Ses yeux me transpercèrent lorsqu’il les posa de nouveau sur moi.

— Écoute, Vicky. On ne s’est pas vus depuis des années et je te retrouve mêlée à une affaire de meurtre.

— Ça fait un an, dis-je.

Il me fixa une seconde.

— Cette rencontre au supermarché ne compte pas. Tu ne m’as même pas reconnu, bon sang !

J’aurais voulu tout lui déballer une fois de plus, mais ce n’était pas le moment.

— Pourquoi tu n’as pas dit à ton collègue que tu me connais ? enchaînai-je.

Morgan se leva et s’approcha de moi.

— On y va, dit-il pour éviter de répondre à ma question.

— Mais je n’ai jamais été arrêtée… Je n’ai rien fait du tout, il faut que tu me croies, Morgan, le suppliai-je.

Il attrapa mon bras pour que je me lève à mon tour et je le suivis une nouvelle fois dans les couloirs. J’étais terrorisée et mon ventre choisit ce moment pour se rappeler à moi.

— Il faut que je mange quelque chose, dis-je dans un souffle.

— J’irai te chercher un truc à manger, acquiesça Morgan, à mon grand soulagement.

— Merci.

Nous arrivâmes dans un bureau où il y avait deux cellules vides côte à côte. Morgan me retira les menottes et me fit entrer dans l’une d’elles avant de m’enfermer à l’intérieur. Je lui fis face et nous nous fixâmes un instant.

— J’ai eu des flashs devant chez toi et quand tu m’as raconté ta version de l’histoire, lâcha-t-il de but en blanc.

— Alors, tu me crois ? demandai-je, pleine d’espoir, en venant m’accrocher aux barreaux qui nous séparaient. Comment tu as pu oublier tout ça ?

Morgan secoua la tête et partit sans dire au revoir. C’est là que je remarquai un autre agent assis au bureau du fond. Ce dernier ne me prêta aucune attention et continua de taper sur son ordinateur et de feuilleter des dossiers.

Je me sentais complètement démunie. J’avais une faim terrible qui me donnait la nausée et mon corps était encore faible. Je finis par m’allonger sur le lit d’appoint au fond de la cellule et je fixai le plafond en attendant la suite.

Je ne savais même pas si Carole était au courant. Elle était peut-être juste sortie acheter un truc. Et mon chien… Personne ne s’en occuperait.

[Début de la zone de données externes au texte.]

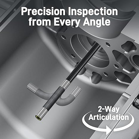- • Easily Maneuver Your View Tired of struggling with hard-to-reach areas during inspections? This two-way articulating borescope effortlessly navigates tight and complex spaces with its flexible and maneuverable probe. Enjoy crystal-clear visual feedback that saves you both time and money. Whether for automotive maintenance or household inspections, this tool transforms your inspection journey, making the process faster and easier than ever.
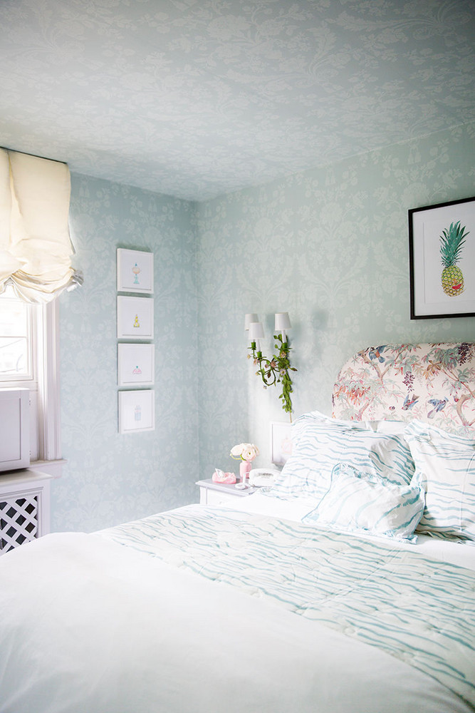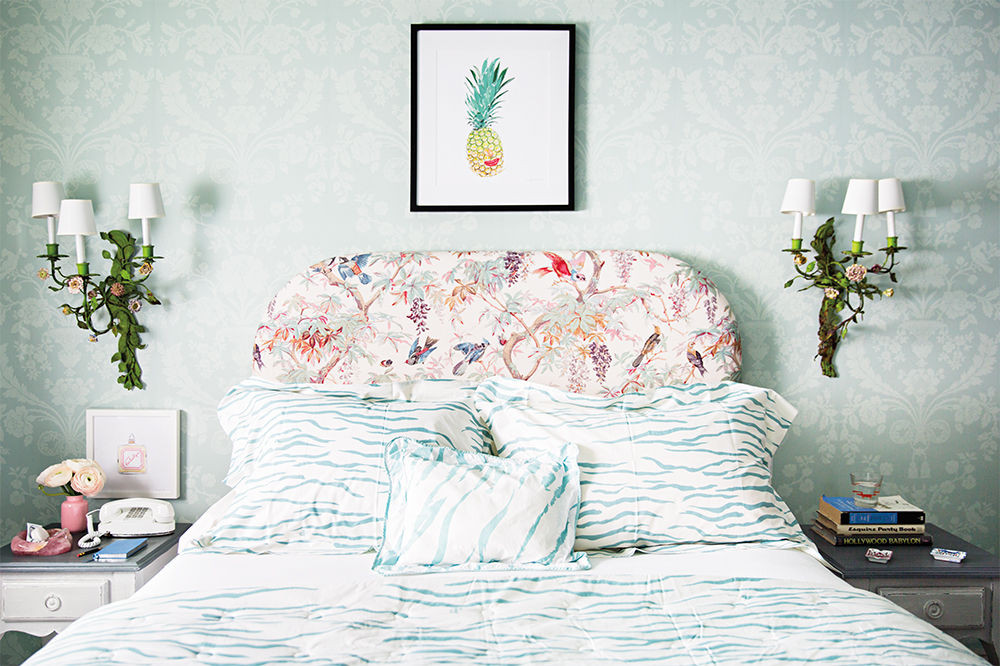 A custom headboard in a Bennison fabric blends seamlessly with tiger-striped Pratesi bedding and pale-green St Antoine wallpaper from Farrow & Ball.

Cette dernière pensée me fit paniquer. Je me redressai. Il fallait que j’appelle ma sœur. Je m’approchais des barreaux pour interpeller l’agent au fond du bureau quand Morgan refit son apparition. Dans une main, il tenait un sac en papier qui contenait certainement de la nourriture. Il croisa mon regard puis reporta son attention sur l’agent au fond du bureau.

— Maurice, tu veux bien nous laisser une minute ? l’interpella Morgan.

Le dénommé Maurice leva la tête vers Morgan.

— J’avais besoin de faire une pause, de toute façon, acquiesça-t-il en prenant un paquet de cigarettes dans la poche de sa veste.

Morgan hocha la tête et le regarda partir avant de poser le sac sur le meuble en face de la cellule. Il prit une chaise qu’il déposa en face de moi. Il fouilla ensuite dans le sac en papier et en sortit une petite boîte en polystyrène.

— Je t’ai acheté un grec au resto du coin, dit-il en me le tendant.

Je le pris, un peu surprise, et il sortit une autre boîte pour lui.

— Merci. Tu manges avec moi ? m’étonnai-je.

— Je me souviens de certains trucs, commença Morgan avant de mordre à pleines dents dans son sandwich.